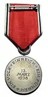 | السبب | Awarded to all German military personnel who participated in the march to Austria, members of the Austrian branch of the NSDAP and other Austrians who contributed to the آنشلوس. |
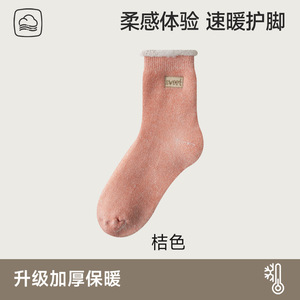 毛绒袜子女款秋冬中筒袜加绒加厚毛巾底袜亲肤软绵抗起球地板袜子
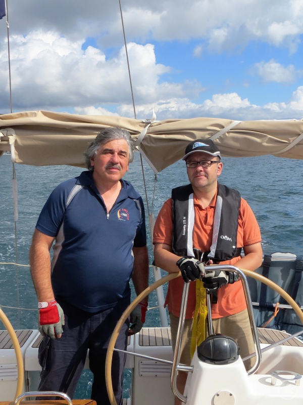 Skipper mit Crewmitglied
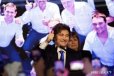 2025年10月26日,阿根廷布宜诺斯艾利斯,阿根廷总统米莱(中)在执政党自由前进党总部向支持者挥手致意。阿根廷10月26日举行国会期中选举,执政党自由前进党(LLA)夺下众议院过半席次,成为最大赢家。使米莱政府在国会中扩大影响力。中央社报导,据官方初步开票结果,这次选举投票率6...
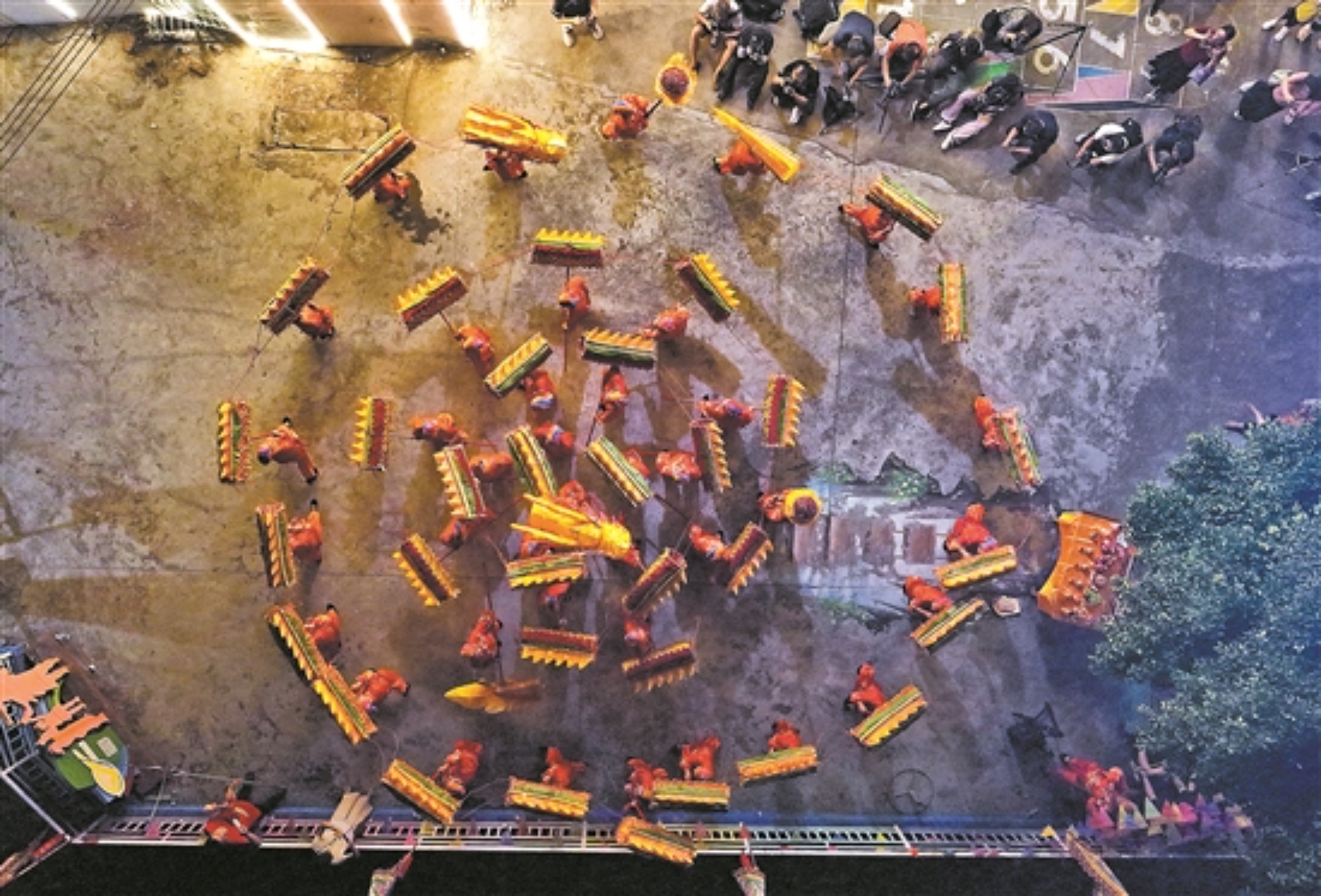 日前,在珠海市斗门区莲洲镇横山村,一场盛大的民俗活动——“七月三十装路香”如约而至。傍晚时分,横山村形成了一条蜿蜒曲折、香气扑鼻的“香路”。随着一阵激昂的鼓点响起,“火龙”开始在街道上翻腾跳跃,时而盘旋上升,时而俯冲而下,宛如一条“火龙”在夜空中翱翔。
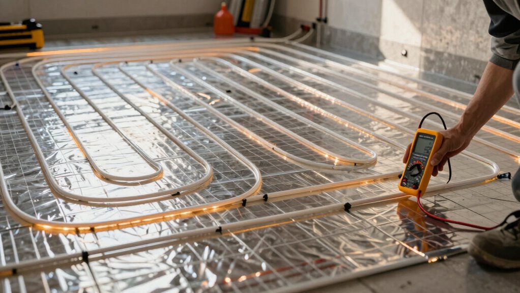 Maintenance for electric radiant floor heating is minimal but important. I check the thermostat and wiring periodically to guarantee everything functions smoothly. I also keep an eye out for any signs of damage or irregular temperature fluctuations. Regularly inspecting the system helps prevent issues and prolongs its lifespan. Typically, I only need to perform these simple checks annually, and most kits are designed to require very little ongoing maintenance.
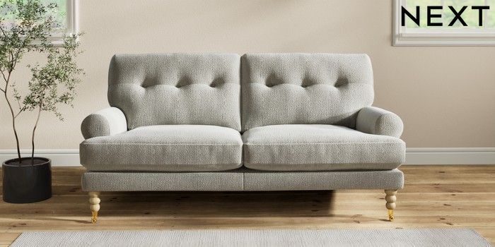 7.2.10 Erin Buttoned Back Deep Relaxed Sit 3 Seater Small Sofa Chunky Texture Dove High Classic Turned Brass Castor - Light | Made Click here to use our website with more accessibility support, for example screen readers
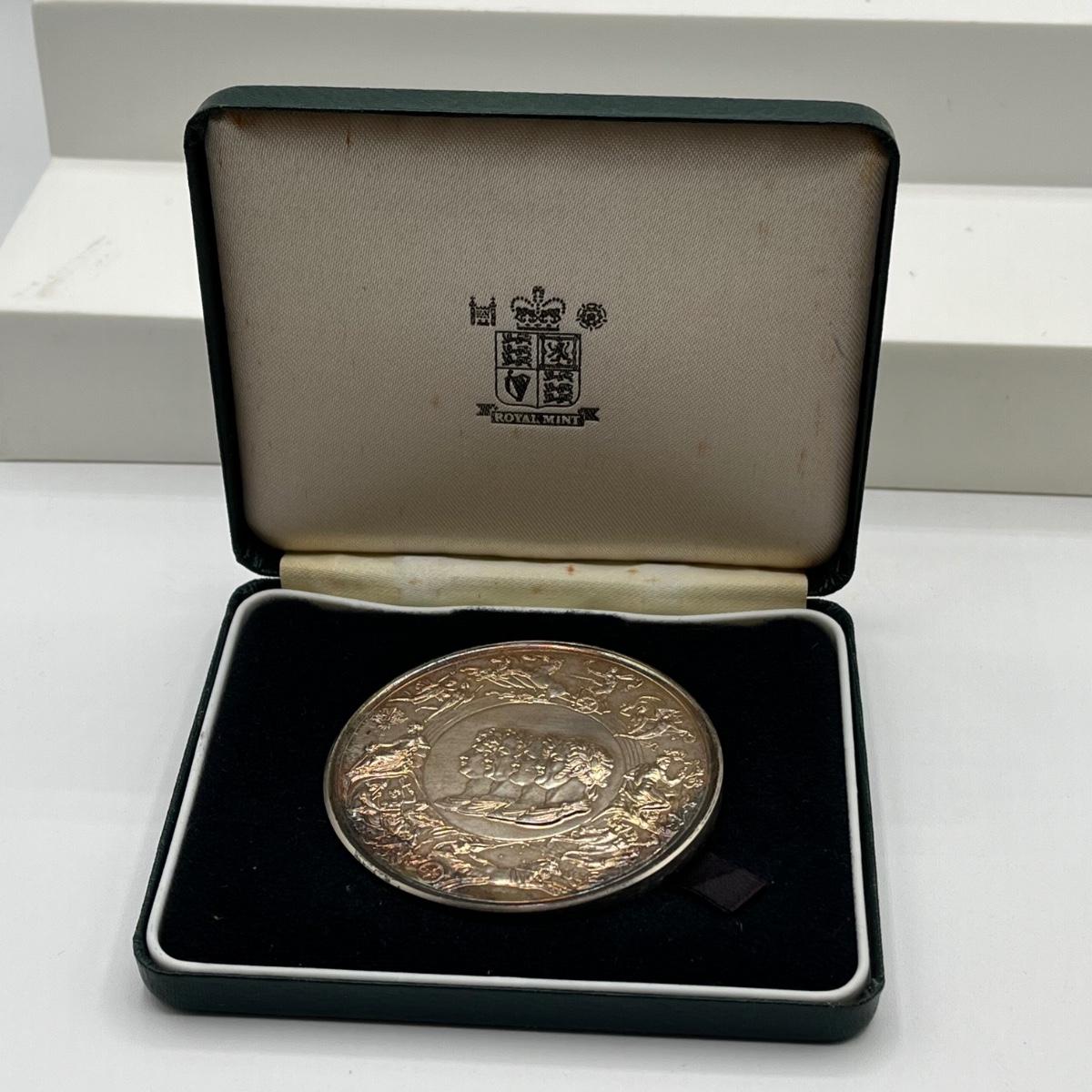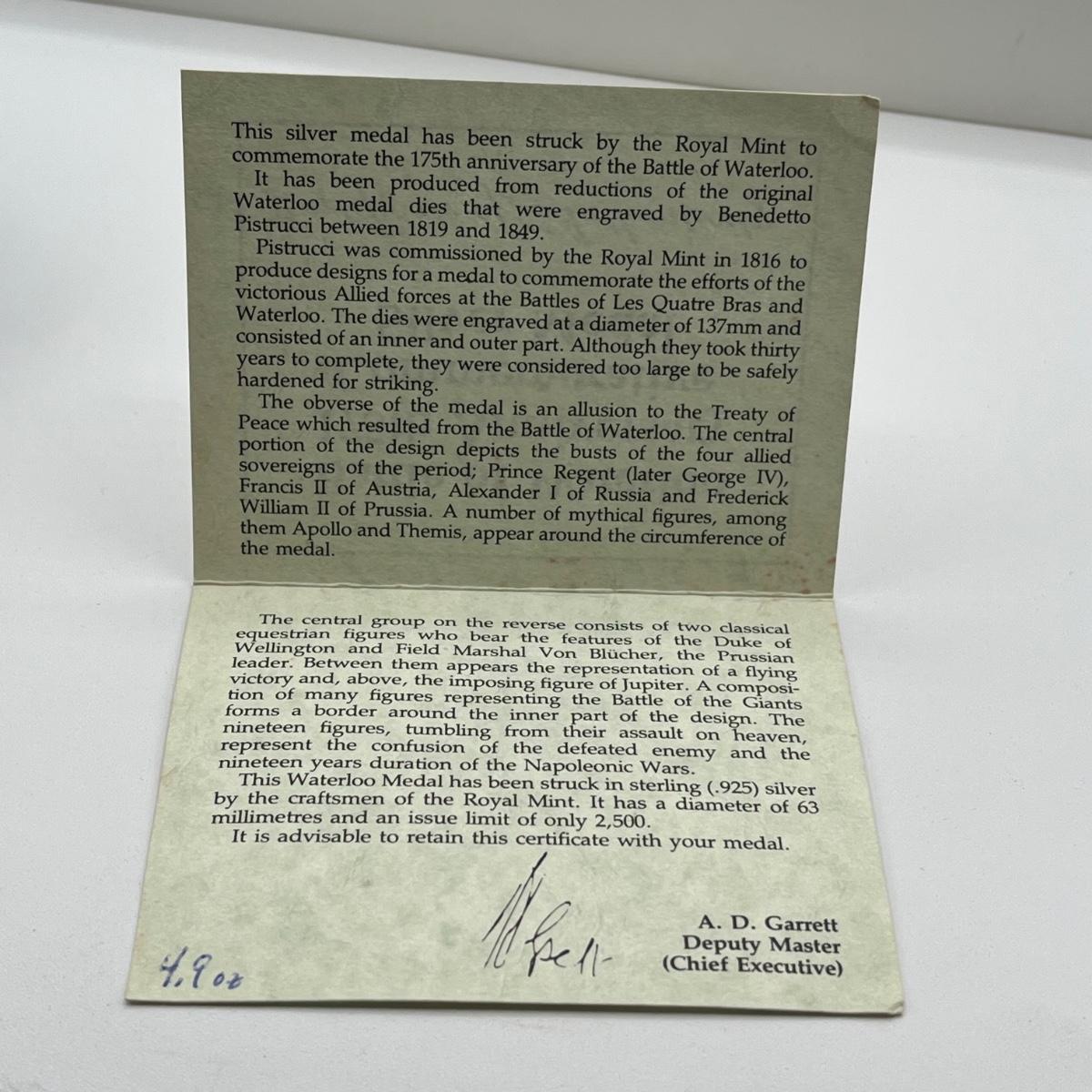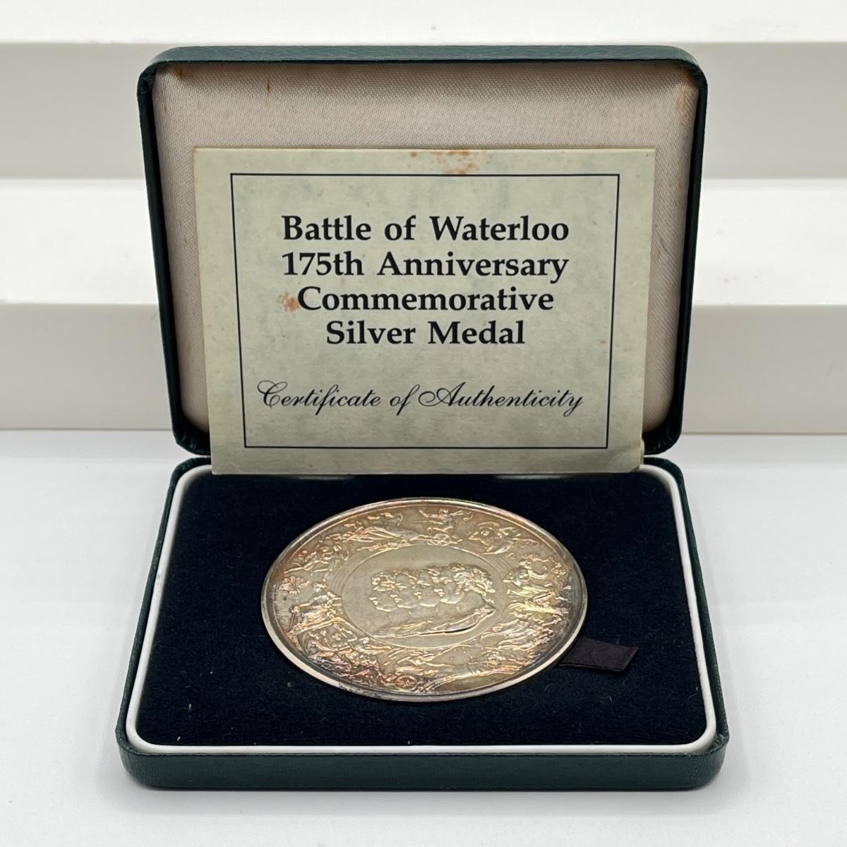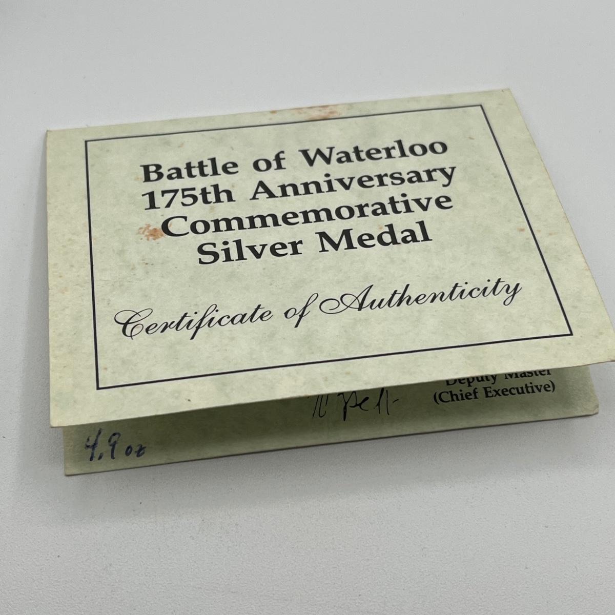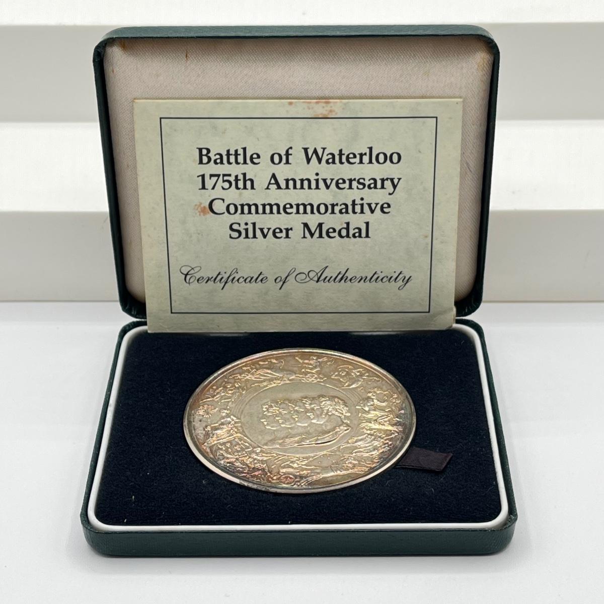 LOT 61F: Battle of Waterloo 175th Anniversary Commemorative 152-Gram Sterling Silver Medal - The Royal Mint - w/ COA

◆ ◆ ◆ ◆

Work order: Starting at the first line of the listing above, write out each line exactly and nothing else until you reach the line containing "Skipper mit Crewmitglied", which is included as well; omit all pictures.

Solution to the exercise:
 | السبب | Awarded to all German military personnel who participated in the march to Austria, members of the Austrian branch of the NSDAP and other Austrians who contributed to the آنشلوس. |
 毛绒袜子女款秋冬中筒袜加绒加厚毛巾底袜亲肤软绵抗起球地板袜子
 Skipper mit Crewmitglied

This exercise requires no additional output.